Les raisons de cet affaissement donnent, en revanche, matière à débat. Leur élucidation est d’autant moins évidente qu’à la fin des années quatre-vingt, alors que les États-Unis s’interrogeaient sur les ressorts de leur apparent
déclin, nombre d’experts annonçaient l’avènement du siècle européen (Thurow, 1992). L’Europe paraissait avoir
trouvé la secrète alchimie entre souveraineté collective et prérogatives maintenues des États, stabilité macroéconomique et initiatives hardies dans les nouvelles technologies, Marché unique et préservation des modèles sociaux
nationaux. Que s’est-il donc passé ?
Schématiquement, quatre thèses s’affrontent.
La première thèse soutient que « l’Europe ne va pas si mal » et que la performance européenne est simplement
l’effet d’un choix collectif au détriment du travail et en faveur du loisir (Blanchard, 2004) : les Européens ne souffriraient pas d’un retard de productivité, mais paieraient simplement les conséquences d’une insuffisante appétence pour le labeur.

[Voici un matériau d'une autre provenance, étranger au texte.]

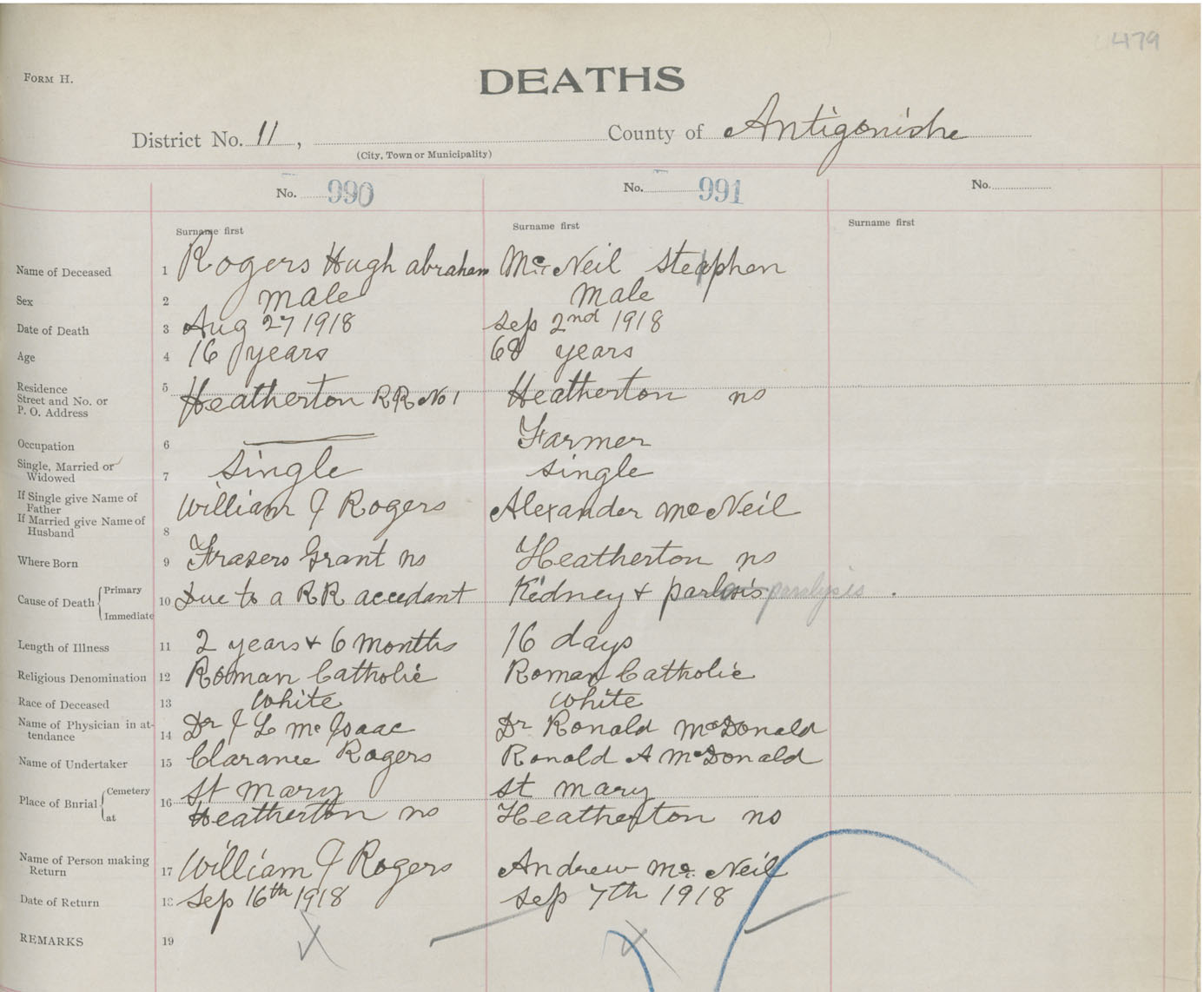 Male Death Registration: Year: 1918 book: 26 page: 479 number: 990

La deuxième thèse met l’accent sur les politiques macroéconomiques (Fitoussi, 1995 et Fitoussi et Le Cacheux,
2005). Au gré de cette analyse, la croissance européenne pâtirait essentiellement de politiques excessivement et
durablement restrictives, qui finissent par enrayer l’ensemble du système économique.
La thèse aujourd’hui dominante impute principalement le retard de croissance européen à la combinaison d’une
intégration inachevée et de réformes structurelles incomplètes. Le rapport Sapir (Sapir et al., 2004) en a donné la
version la plus élaborée(2).
La dernière thèse enfin déplace le problème : ce n’est pas tant à une crise européenne que nous serions confrontés, qu’à celle de l’Allemagne, de l’Italie et de la France. La diversité interne de l’Union européenne et les performances très contrastées des pays membres expliqueraient un phénomène improprement qualifié de crise européenne (Wyplosz, 2005).

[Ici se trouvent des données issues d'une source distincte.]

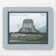 A digital painting of the Devils Tower and a herd of bison grazing near a river, with trees scattered at the base of the geological tower and rolling hills in the background. This is not a real landscape scene in Wyoming. This painting was made based on two of my photographs. In white lettering, across the center of the painting is, "Wyoming". At the top corners is the state motto, "Equality State", and the statehood year, "1890". The painting has a dark blue border. Image Copyright ©2023 Kimberly J Tilley.

Ces explications contiennent chacune une part de vérité, mais nous paraissent également insatisfaisantes. (…)
La thèse de Blanchard (2005) qui met en avant la préférence pour le loisir offre une explication possible – encore
que sujette à discussion – de l’écart de revenu entre États-Unis et Europe au milieu des années quatre-vingt-dix,
mais elle ne nous paraît pas pouvoir rendre compte de la dégradation relative de la performance européenne depuis une dizaine d’années. En particulier, le vif contraste entre les évolutions de la productivité de part et d’autre
de l’Atlantique ne peut pas être analysé dans cette grille.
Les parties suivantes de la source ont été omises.